HIGH SPEED RAIL ALLIANCE LEADER PRAISES NORTH CAROLINA’S RAIL PLAN -- “An (HSRail) Alliance webinar recently explored how North Carolina – through judicious use of limited resources – is making steady progress toward a long-term plan to connect the entire state with an integrated network of regional trains and buses,” according to Richard Harnish, executive director, High Speed Rail Alliance.

“It (North Carolina) is among the handful of states best positioned to take advantage of federal rail funds; just as more federal funds are flowing. North Carolina has overcome the lack of federal coordination by forming a compact with Virginia to build regional rail that links their major cities to Washington, D.C., and New York,” he added.

In an annual update to its members, Harnish also cited the High Speed and Intercity Rail Program Passenger Rail Program of 2008 as being one of three federal transportation reauthorization bills that “helped North Carolina and other states build a stronger foundation” to get America closer to the network this country needs.

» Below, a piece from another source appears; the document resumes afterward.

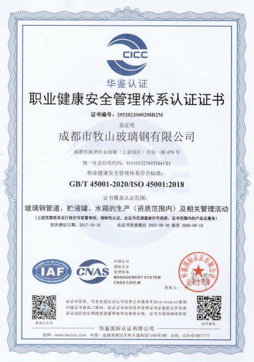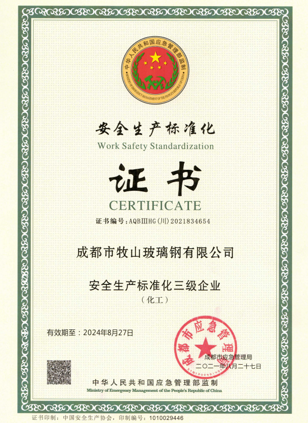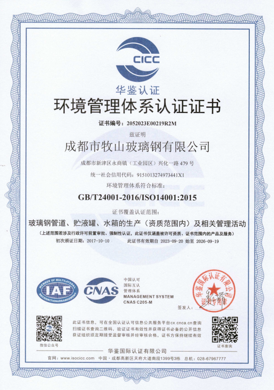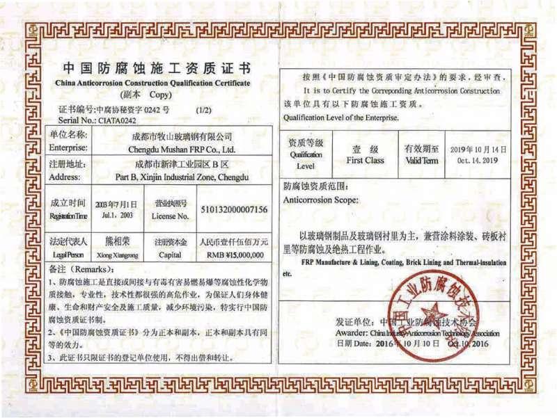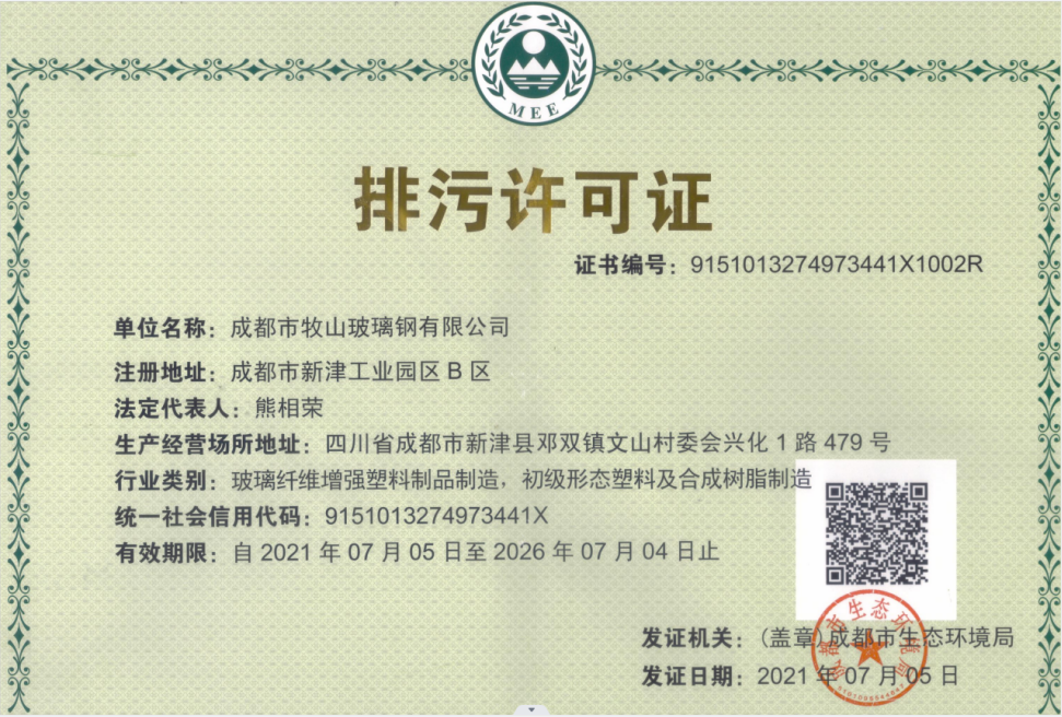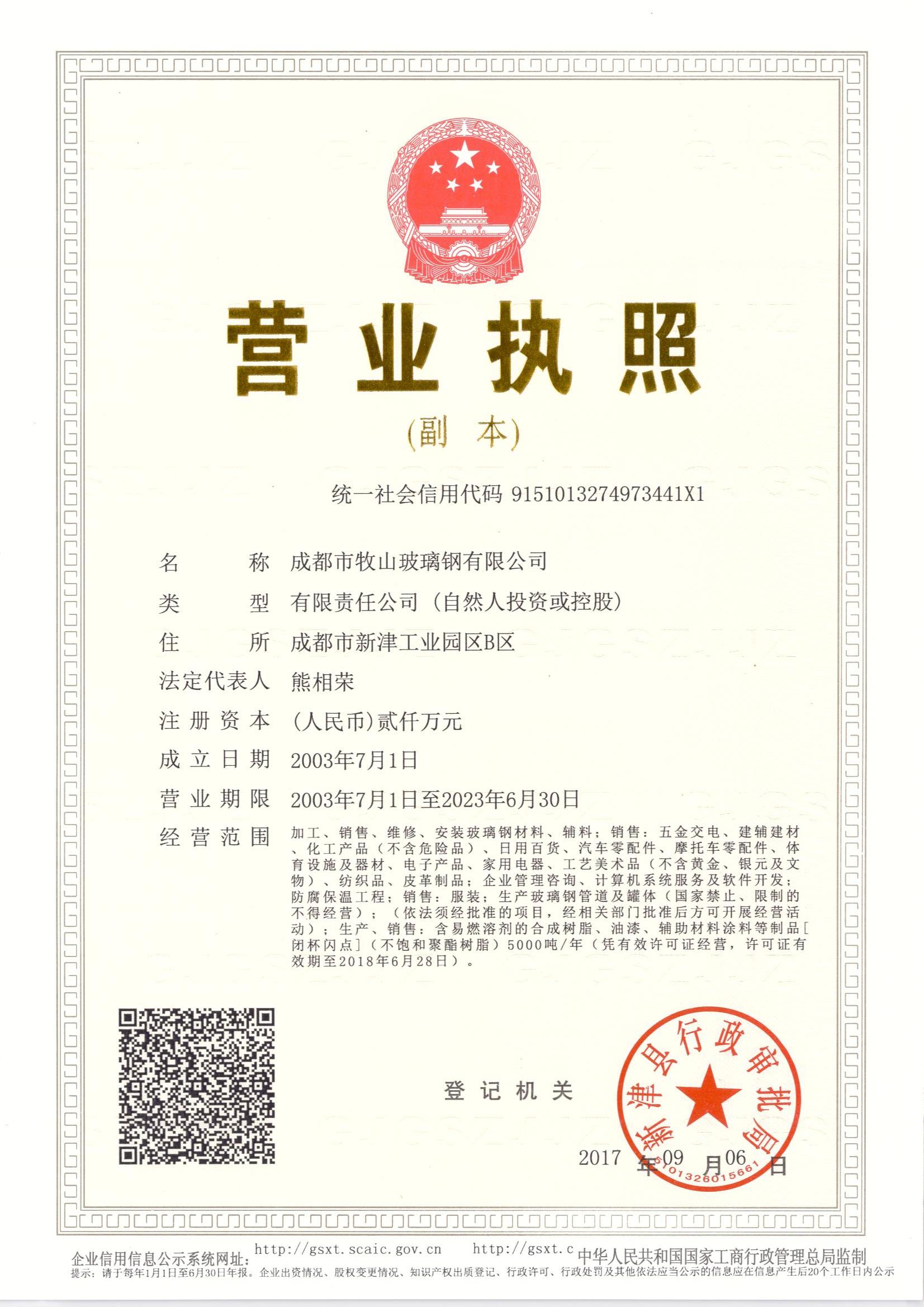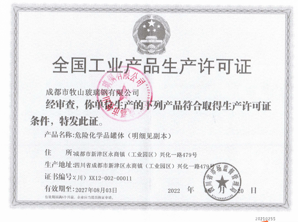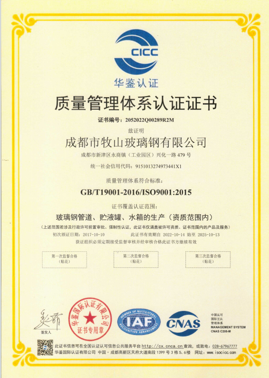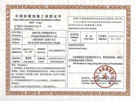 公司于2004年通過(guò)ISO9001:2000質(zhì)量管理體系認(rèn)證,具有國(guó)家質(zhì)量監(jiān)督檢驗(yàn)檢疫總局頒發(fā)的容器(化工儲(chǔ)罐)《生產(chǎn)許可證》,玻璃鋼夾砂管道《生產(chǎn)許可證》,玻璃鋼水箱和玻璃鋼管道的《涉及飲用水衛(wèi)生安全的衛(wèi)生許可批件》,是中國(guó)玻璃鋼協(xié)會(huì)會(huì)員單位,具有玻璃鋼防腐工程壹級(jí)資質(zhì),“牧山”商標(biāo)被評(píng)為《成都市著名商標(biāo)》......

Two other reauthorization bills have been key in building a stronger foundation for rail – the Consolidated Rail Infrastructure and Safety Improvements Program (2015) and the Federal State Partnership for Intercity Passenger Rail (2021).

The former bill “allowed the FRA to take a more comprehensive approach to the railroad network,” while the latter “included enough resources to get us the tipping point -- If states are aggressive about pursuing the opportunities,” Harnish said.